1984 Enfield Southgate by-election
| 13 December 1984 |
| Candidate | Michael Portillo | Timothy Slack | Peter Hamid |
| Party | Conservative | Liberal | Labour |
| Popular vote | 16,684 | 11,973 | 4,000 |
| Percentage | 49.6% | 35.6% | 11.9% |
| MP before election Anthony Berry Conservative | Subsequent MP Michael Portillo Conservative |

= 1984 Enfield Southgate by-election =

UK parliamentary by-election

The 1984 Enfield Southgate by-election was a parliamentary by-election held on 13 December 1984 for the UK House of Commons constituency of Enfield Southgate.

== Previous MP ==
The seat had become vacant on 12 October 1984, when the constituency's Member of Parliament (MP) was killed by the Irish Republican Army in the Brighton hotel bombing.

Sir Anthony George Berry (12 February 1925 – 12 October 1984) was a Conservative MP for Enfield Southgate, and a Whip in Margaret Thatcher's government.

Sir Anthony Berry had been Southgate's MP since the 1964 general election. The constituency had been renamed Enfield Southgate in 1983.

== Candidates ==
Given the reason for the by-election, there was some discussion about the Labour Party and the Alliance not contesting the poll. However, in the end both opposition forces were represented in the list of candidates.

Nine candidates were nominated. The list below is set out in descending order of the number of votes received at the by-election.

1. The Conservative candidate was Michael Denzil Xavier Portillo. Born in 1953, Portillo was a Special Adviser to the Chancellor of the Exchequer. He had contested Birmingham Perry Barr in the 1983 general election.
Portillo won the by-election and went on to become a prominent political figure. He was serving as Secretary of State for Defence, when defeated in this seat at the 1997 general election. Portillo subsequently represented Kensington and Chelsea (1999-2005) and was an unsuccessful candidate for the Conservative Party leadership (2001), before retiring from politics to pursue a media career.
1. The Liberal Party candidate, representing the SDP–Liberal Alliance, was Timothy Willatt Slack. He was a former headmaster, born in 1928, who was Director of the Foreign Office International Conference Centre. Slack had contested the seat of Petersfield at both general elections in 1974.
2. Representing the Labour Party was Winston Farouk Hamid (known as Peter Hamid).
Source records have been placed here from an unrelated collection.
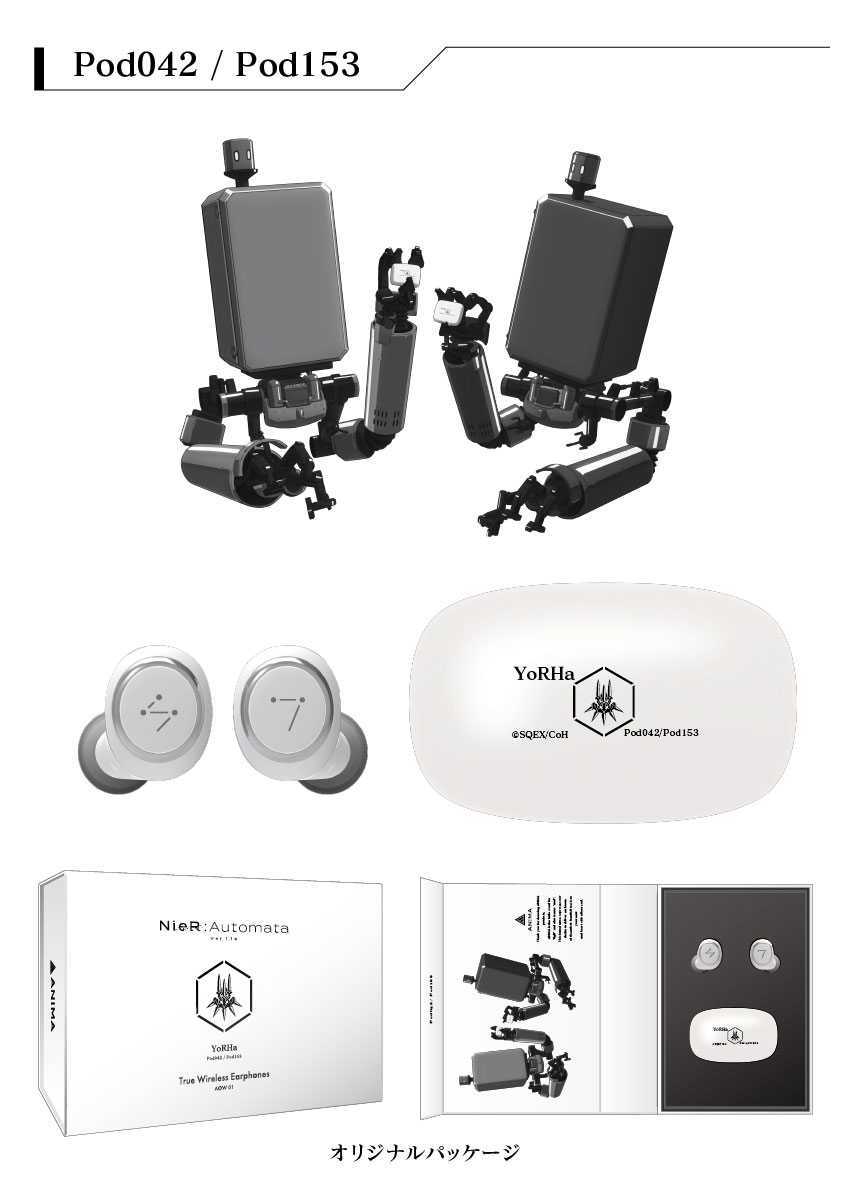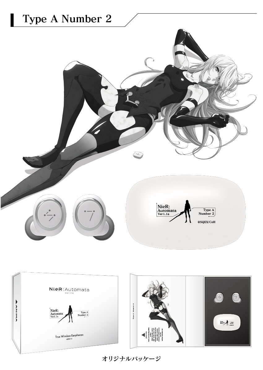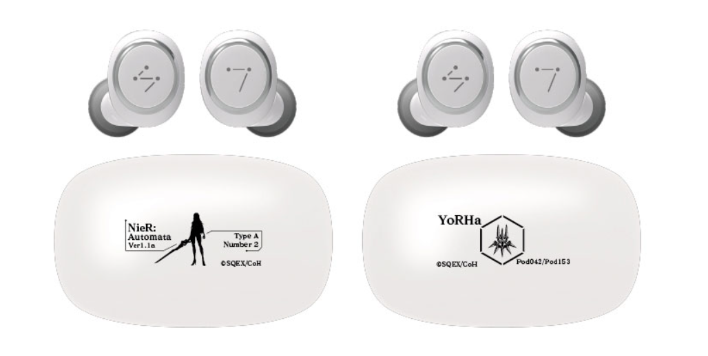 採用型號 ANIMA AOW01,當初就是以聆聽動漫歌曲打造的藍芽耳機。此次合作款有「A2」款和「Pod042 / Pod15」款兩種型號,充電盒分別印有 A2 角色的剪影以及印有寄葉(ヨルハ,YoRHa)標誌以及代表角色的文字,耳機本體則以白色搭配銀色的樣貌,搭配符號圖案來表現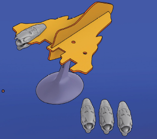 3-4人用ゲームでは、勝つために3つ追加するだけでよいため、宇宙船にすでに1つのロケットエンジンが搭載されている状態で開始します。ロケットエンジンを構築するたびに、宇宙船の後端に差し込みます。 |
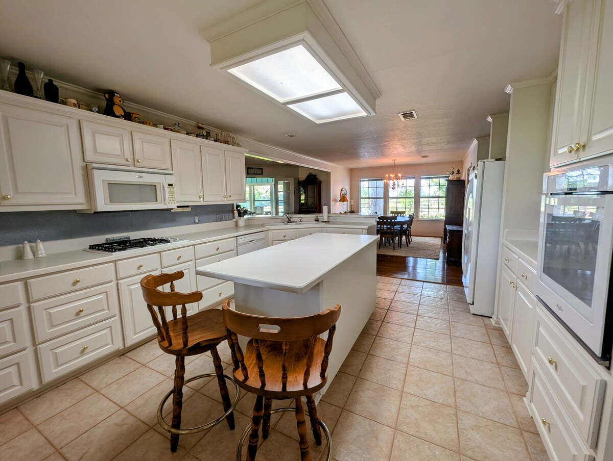 Relax with the whole family at this peaceful ranch house on 50 beautiful acres. Enjoy your morning coffee on the back patio with a serene view of our longhorn roaming the grounds. For a unique experience, climb Longhorn Lookout and enjoy an unobstructed aerial view of the property. With a quaint winery just 7 minutes down the road, you’ll have no problem filling your time away from home! Check out Splashway Water Park for more fun family adventures during your stay.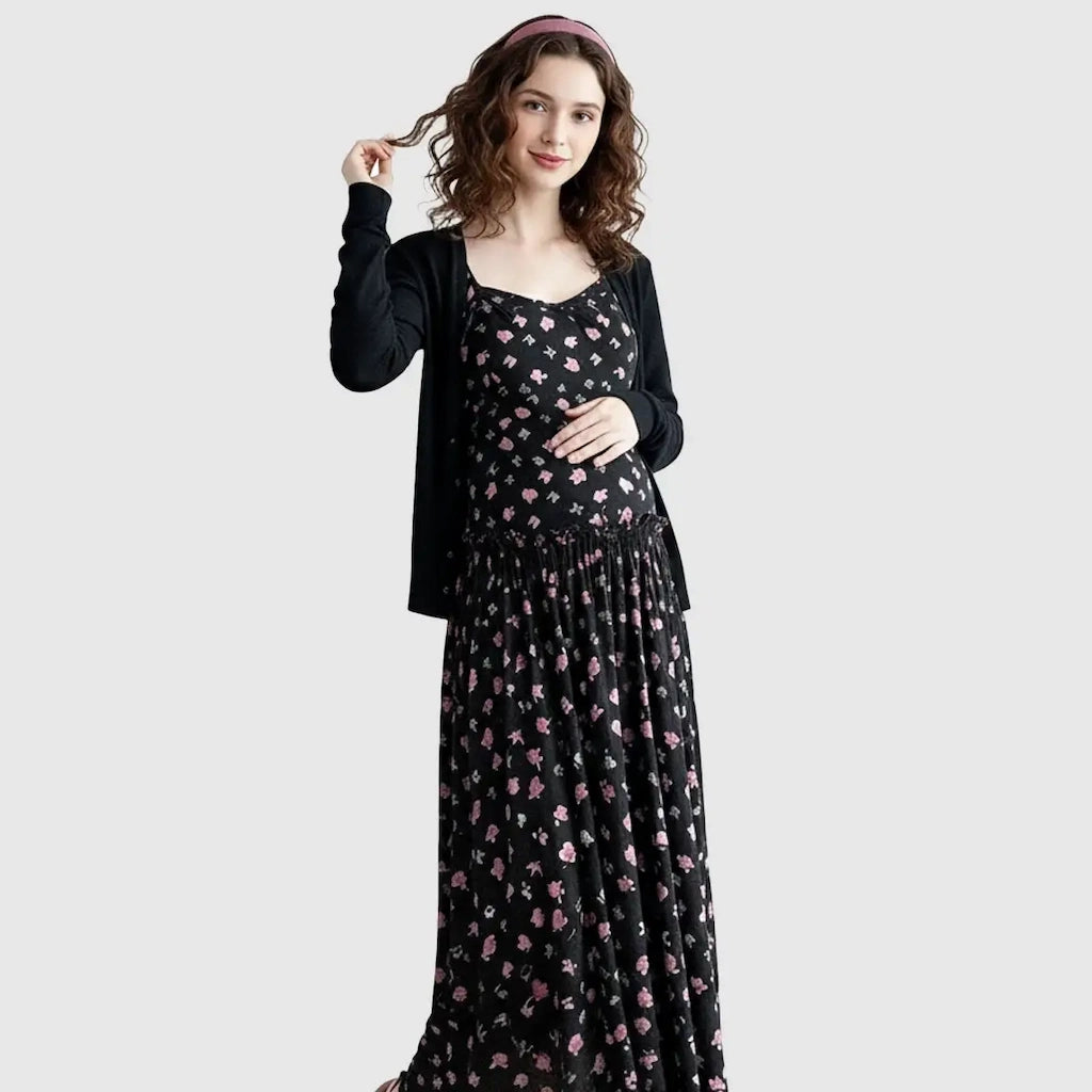 Where comfort meets beauty — this floral maternity maxi lets you look elegant and feel amazing through every stage.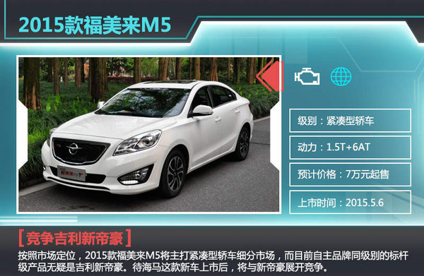 自去年北京国际车展发布上市以来,福美来M5便成为海马汽车主攻国内A+级家轿市场的重要车型。时隔一年后,其竞争对手纷纷完成更新换代,产品竞争力进一步增强。对此,海马汽车也展开相应部署,一款顺应目前“小排量增压化”潮流的全新年度款福美来M5即将正式登场。经过全新升级的2015福美来M5将向吉利新帝豪发起强力挑战。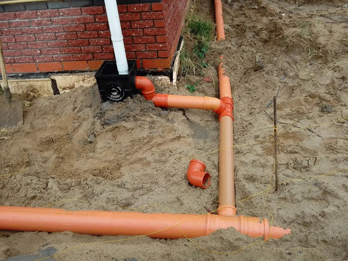Выройте наружную траншею для прокладки канализационных трубопроводов с уклоном от дома – минимум 1 см на метр. Выровняйте дно, насыпьте слой песка толщиной 10–15 см. Уложите трубу, проверив отсутствие провисаний, и загерметизируйте соединения.

The Trinidad born Hamid was aged 52. He had lived in the UK for 31 years and was a member of Enfield Borough Council to which he had been elected in 1982.
3. Andreas Polydorou was an Independent, who ran as a Turkish Troops Out of Cyprus candidate.
4. Industrial chemist and Royal Navy veteran (1943-1946), James Wilfred Kershaw, stood on behalf of a far right group known as the Nationalist Party. Craig regarded Kershaw as a party candidate rather than an Independent.
5. Raymond Edwin Shenton was an English National Party candidate, who advocated a far right policy. Craig regarded Shenton as an Independent.
6. Iain Innes Burgess was an Independent candidate, whose ballot paper label was Abolish Greater London - Restore Middlesex Shire.
7. George Weiss stood for Captain Rainbow's Universal Party. Craig considered him an Independent.
8. Miss Helen Mary Anscomb was an Independent who used the label Death off Roads: Freight on Rail.

== Result ==

1984 Enfield Southgate by-election
| Party |  | Candidate | Votes | % | ±% |
|---|---|---|---|---|---|
|  | Conservative | Michael Portillo | 16,684 | 49.6 | −8.5 |
|  | Liberal | Timothy Slack | 11,973 | 35.6 | +12.2 |
|  | Labour | Peter Hamid | 4,000 | 11.9 | −6.0 |
|  | Turkish Troops Out of Cyprus | Andreas Polydrou | 687 | 2.0 | New |
|  | Nationalist Party | James Kershaw | 80 | 0.2 | New |
|  | English National | Raymond Shenton | 78 | 0.2 | New |
|  | Abolish Greater London, Restore Middlesex | Iain Burgess | 50 | 0.2 | New |
|  | Captain Rainbow's Universal Party | George Weiss | 48 | 0.2 | New |
|  | Death off Roads: Freight on Rail | Helen Anscomb | 45 | 0.1 | New |
| Majority |  |  | 4,711 | 14.0 | −20.7 |
| Turnout |  |  | 33,645 | 50.6 | −19.0 |
| Registered electors |  |  | 66,473 |  |  |
|  | Conservative hold |  | Swing | −10.3 |  |

== Previous result ==

General Election 1983: Enfield Southgate
| Party |  | Candidate | Votes | % | ±% |
|---|---|---|---|---|---|
|  | Conservative | Anthony Berry | 26,451 | 58.1 | −3.5 |
|  | Liberal | D Morgan | 10,632 | 23.3 | +9.3 |
|  | Labour | Mary Honeyball | 8,132 | 17.9 | −4.7 |
|  | BNP | M Braithwaite | 318 | 0.7 | New |
| Majority |  |  | 15,819 | 34.8 | −4.3 |
| Turnout |  |  | 51,365 | 69.6 | −6.7 |
| Registered electors |  |  | 65,438 |  |  |
|  | Conservative hold |  | Swing |  |  |

==See also==
- Enfield Southgate constituency
- List of United Kingdom by-elections (1979–2010)
- United Kingdom by-election records

==Sources==
- Britain Votes/Europe Votes By-Election Supplement 1983-, compiled and edited by F.W.S. Craig (Parliamentary Research Services 1985)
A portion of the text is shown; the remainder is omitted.